## Excerpts from a dataset
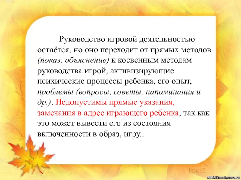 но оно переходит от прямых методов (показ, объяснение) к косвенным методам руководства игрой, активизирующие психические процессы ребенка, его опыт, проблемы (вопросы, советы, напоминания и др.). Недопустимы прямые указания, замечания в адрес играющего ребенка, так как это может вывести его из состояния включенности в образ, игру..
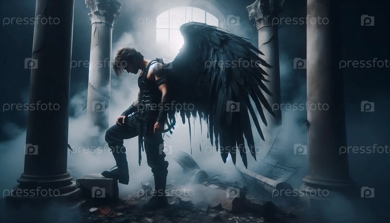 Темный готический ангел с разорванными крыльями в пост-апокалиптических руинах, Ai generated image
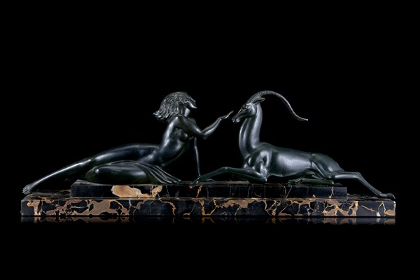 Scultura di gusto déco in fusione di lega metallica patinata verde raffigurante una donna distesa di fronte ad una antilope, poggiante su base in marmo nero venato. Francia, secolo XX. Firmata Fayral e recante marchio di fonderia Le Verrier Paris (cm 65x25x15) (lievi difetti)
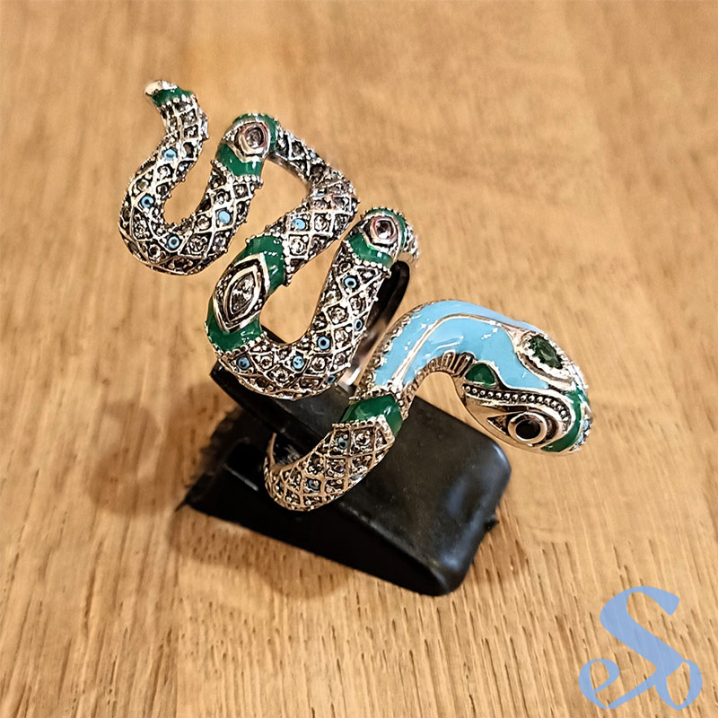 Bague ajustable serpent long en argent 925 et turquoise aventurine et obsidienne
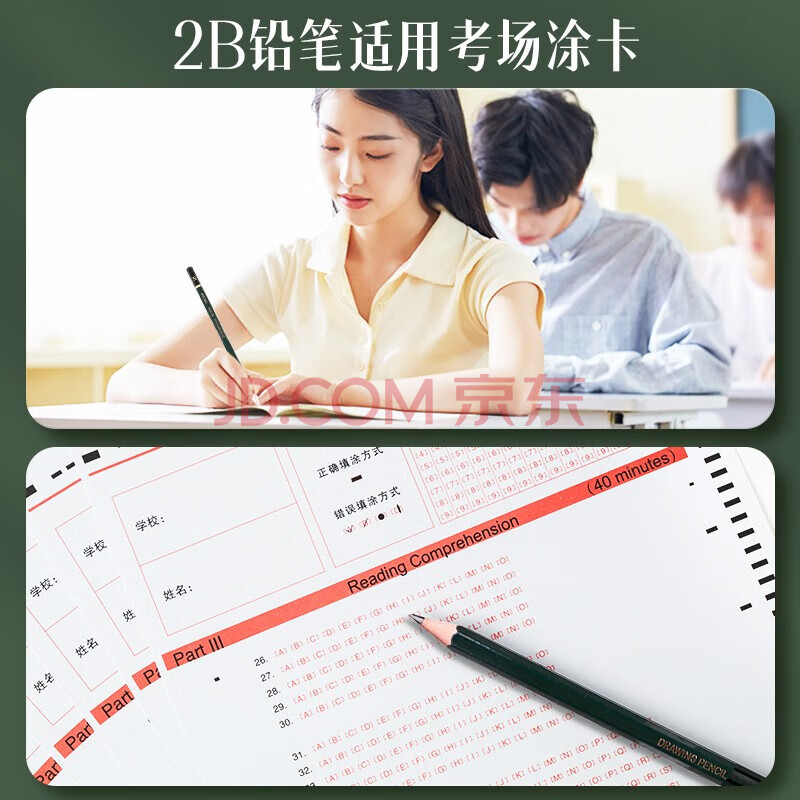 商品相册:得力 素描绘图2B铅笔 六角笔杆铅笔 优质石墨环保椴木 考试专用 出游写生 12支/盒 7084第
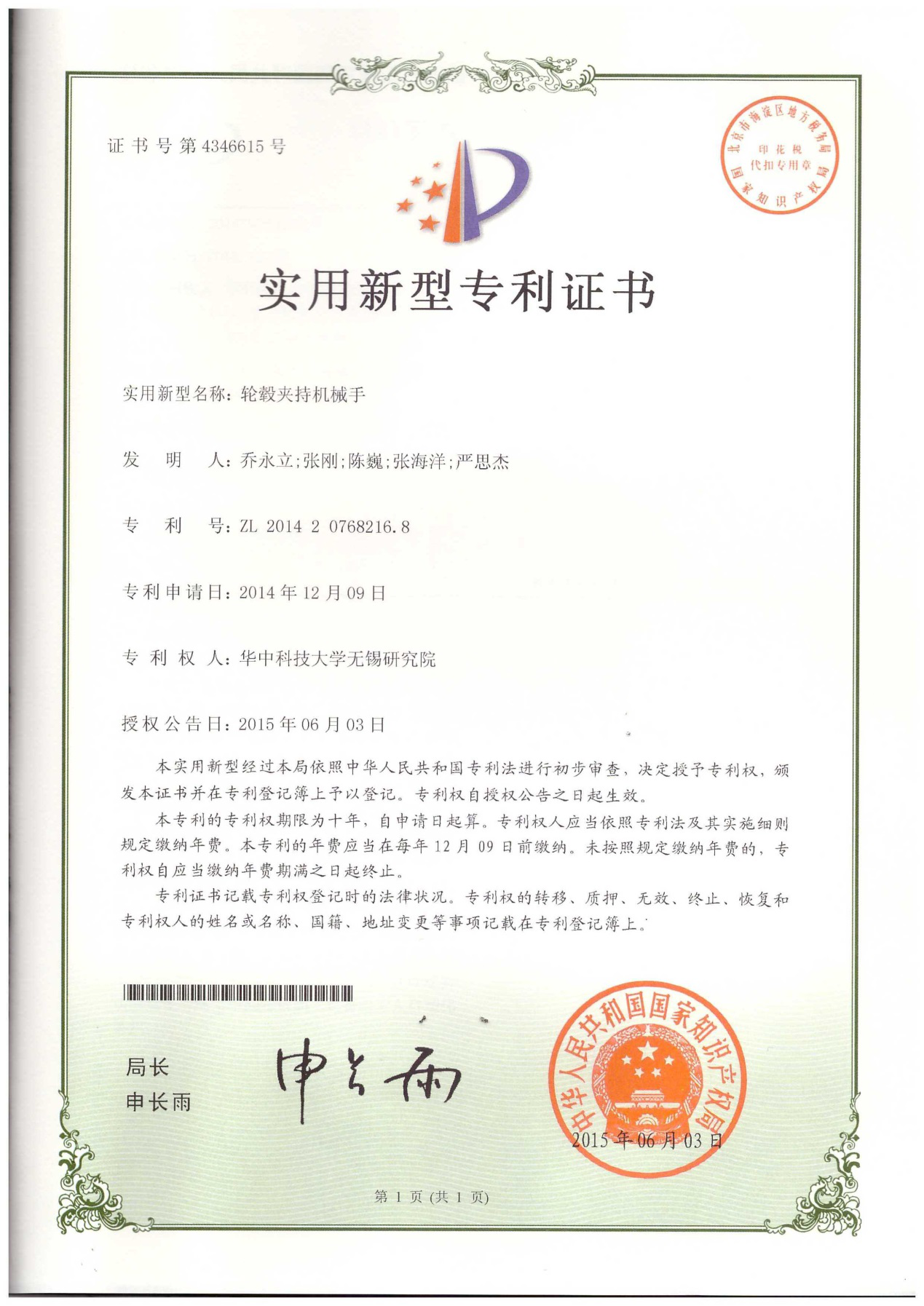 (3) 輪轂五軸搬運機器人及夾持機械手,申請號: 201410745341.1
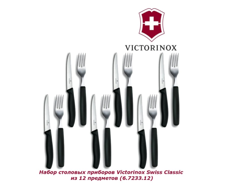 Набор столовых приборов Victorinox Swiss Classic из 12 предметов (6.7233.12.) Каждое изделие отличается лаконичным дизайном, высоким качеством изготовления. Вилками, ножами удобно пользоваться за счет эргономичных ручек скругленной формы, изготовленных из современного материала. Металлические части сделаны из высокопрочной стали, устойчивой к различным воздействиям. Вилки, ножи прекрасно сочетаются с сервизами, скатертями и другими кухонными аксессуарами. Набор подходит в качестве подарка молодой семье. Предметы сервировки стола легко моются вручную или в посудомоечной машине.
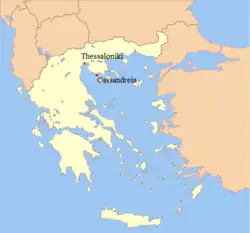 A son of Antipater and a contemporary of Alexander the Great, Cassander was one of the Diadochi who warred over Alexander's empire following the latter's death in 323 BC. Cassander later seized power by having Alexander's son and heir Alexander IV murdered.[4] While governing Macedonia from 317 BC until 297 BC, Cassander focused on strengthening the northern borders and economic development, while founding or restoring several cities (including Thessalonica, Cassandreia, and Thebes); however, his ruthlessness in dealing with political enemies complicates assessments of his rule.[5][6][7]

## EXERCISE OBJECTIVE
Copy the lines above exactly, starting at the one with "Темный готический ангел" and ending at the one with "(3) 輪轂五軸搬運機器人及夾持機械手,申請號: 201410745341.1", both included. Leave out any pictures and add nothing else.

## TASK RESULT
 Темный готический ангел с разорванными крыльями в пост-апокалиптических руинах, Ai generated image
 Scultura di gusto déco in fusione di lega metallica patinata verde raffigurante una donna distesa di fronte ad una antilope, poggiante su base in marmo nero venato. Francia, secolo XX. Firmata Fayral e recante marchio di fonderia Le Verrier Paris (cm 65x25x15) (lievi difetti)
 Bague ajustable serpent long en argent 925 et turquoise aventurine et obsidienne
 商品相册:得力 素描绘图2B铅笔 六角笔杆铅笔 优质石墨环保椴木 考试专用 出游写生 12支/盒 7084第
 (3) 輪轂五軸搬運機器人及夾持機械手,申請號: 201410745341.1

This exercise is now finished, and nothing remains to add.